Мужчина и женщина в эпоху динозавров - Маргарет Этвуд

Шрифт:

-
+

Интервал:

-
+
1 ... 71 72 73 74 75 76 77 78 79 80
Перейти на страницу:

На передний план, хочет того Леся или нет, упорно проталкивается то, что Марианна назвала бы ее жизнью. Возможно, Леся свою жизнь продула. Может, это и называют зрелостью: момент, когда человек осознает, что продул свою жизнь. Леся должна была узнать побольше, заранее, изучить заблаговременно, что ее ждет, прежде чем ввязываться; но она не жалеет.

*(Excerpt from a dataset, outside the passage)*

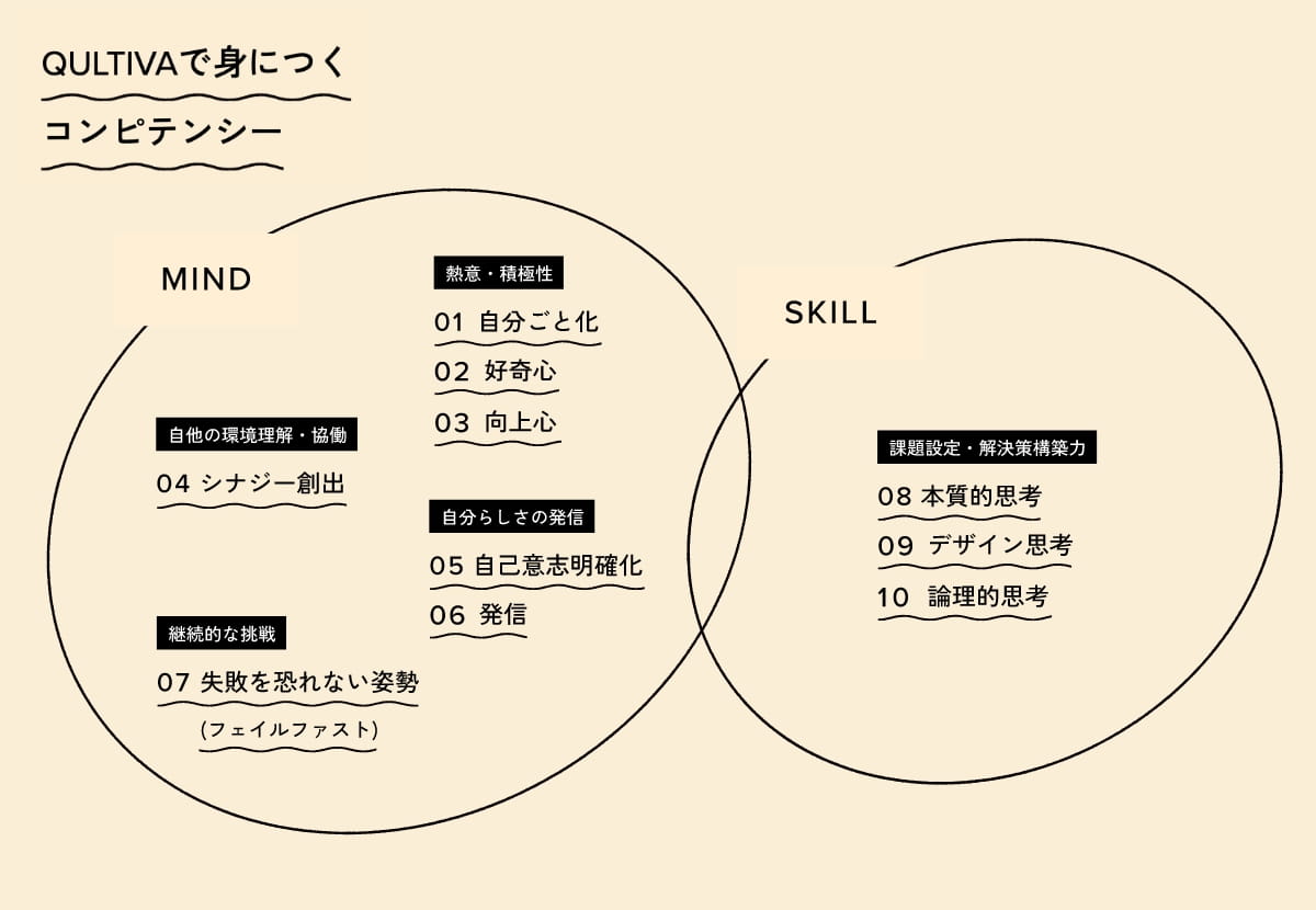 初年次教育改革では新しい評価基準の構築も論点となっており、これに関しては2024年春セメスターから課外の運用がスタートした「QULTIVA(カルティバ)」プログラムでのコンピテンシー評価が参考となりました。多角的な視点から内省・振り返りを行う「リフレクション」を基軸としたプログラムの実践を通じて、7つのマインドと3つのスキルを中心とする「コンピテンシー」の習得を支援します。こうしたQULTIVAのプログラムでの実践と知見は「これまでのようにテストで学力を測ったり、レポートを課したりするのではなく、『この科目を通じて自分がどれだけ成長したか』という新しい評価指標を試してみる目的もあり、明確なコンピテンシーマップのある『QULTIVA』プログラムを正課の科目でも取り入れてみることにしました」(横田教授)。

Конечно, не исключено, что она поступила глупо. Сделала глупость, много глупостей. А может, по глупости поступила умно. Она скажет Нату сегодня, вечером. Интересно, он ее простит?

(Правда, ей не нужно прощение; во всяком случае от Ната. Вместо этого она предпочла бы простить сама, кого-нибудь, как-нибудь, за что-нибудь; но не знает, с чего начать.)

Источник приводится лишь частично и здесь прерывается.